3. Measuring sustainability in revenue: The focus is moving from green marketing to data-backed supply-chain measurement. Brands using technologies like SYDNA to embed lifecycle assessments into sourcing and costing can command a tangible premium for transparency—resulting in margin expansion and brand equity, as purpose increasingly drives purchase decisions (Deloitte 2025 findings).

4. Localization for growth: Companies that localize assortments for India and the broader APAC corridors will outperform global peers. The new consumption frontiers are in Tier-II and III cities. Investing in omnichannel infrastructure, from physical stores to digital discovery and premium entry-price formats in emerging markets, will provide a decisive edge.

5. Creator-led micro-drops: The next differentiator is treating creators as co-entrepreneurs. Social-native brands use limited-edition collaborations, or micro-drops, as low-cost test beds for trend validation. This strategy reduces inventory risk by seeding new categories, measuring real-time traction, and only scaling proven concepts through owned channels.

Scenario thinking to 2030

Global apparel is projected to see moderate 3-4 per cent CAGR, aligning with Grand View Research and Bain. Luxury will stabilize, while resale maintains a strong high-single to low-double-digit growth. India and APAC will outperform developed markets, led by urbanization, rising incomes, and digital retail.
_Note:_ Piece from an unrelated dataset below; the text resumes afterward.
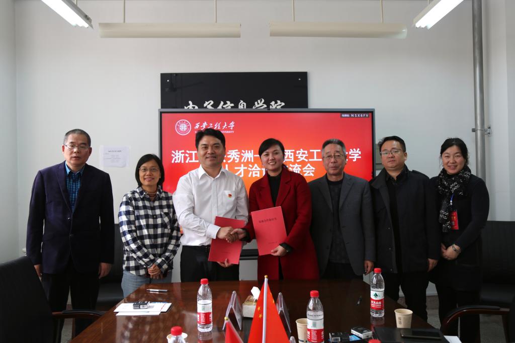 2020年11月7日,正逢我校召开2021届毕业生冬季大型综合类招聘会,200余家公司参与此次招聘会。与此同时,为进一步了解用人单位岗位人才新需求,使我校各类专业设置及改革更适应市场需求,探求校企合作新路,实现精准办学,我校与浙江嘉兴秀洲区于电子信息学院楼414室开展人才交流洽谈活动。秀洲区政协副主席孙薇、区人力社保局局长王其方、区政协经济委副主任宋新征、区人社局人才交流中心主任董根土、区人社局人才开发科科长范瀟瀟、区人社局人才开发科科长孙琪,我校招生就业处处长张冬梅、电子信息学院党委书记杨恩科、电子信息学院党委副书记刘许参加本次人才交流洽谈会。

On one side, a faster-scaling circular economy is the key upside. Authenticated recommerce (e.g., ThredUp) could achieve double-digit annual growth, spawning high-margin services like repair and authentication. This turns sustainability into a recurring revenue stream. On the downside, a macroeconomic slowdown with prolonged inflation or weak discretionary income could compress non-essential fashion spending. This would lead to deeper promotions, margin erosion, and potential consolidation in the mid-market. Value and resale would be resilient, but premium and luxury brands will need superior storytelling and innovation to maintain share.

The Deloitte’s 2025 survey is not a consumer trend memo it’s a behavioural map of the cohorts who will account for the majority of future consumption and workplace leadership. Their combined anxieties, aspirations and tech habits are accelerating structural shifts already visible in sales data: premiumisation co-exists with prudence; authenticity with reuse; creators with curated experiences. Brands that translate Deloitte’s attitudinal signals into concrete product, pricing and platform changes and measure the ROI will claim the growth that exists in a large but nuanced apparel market.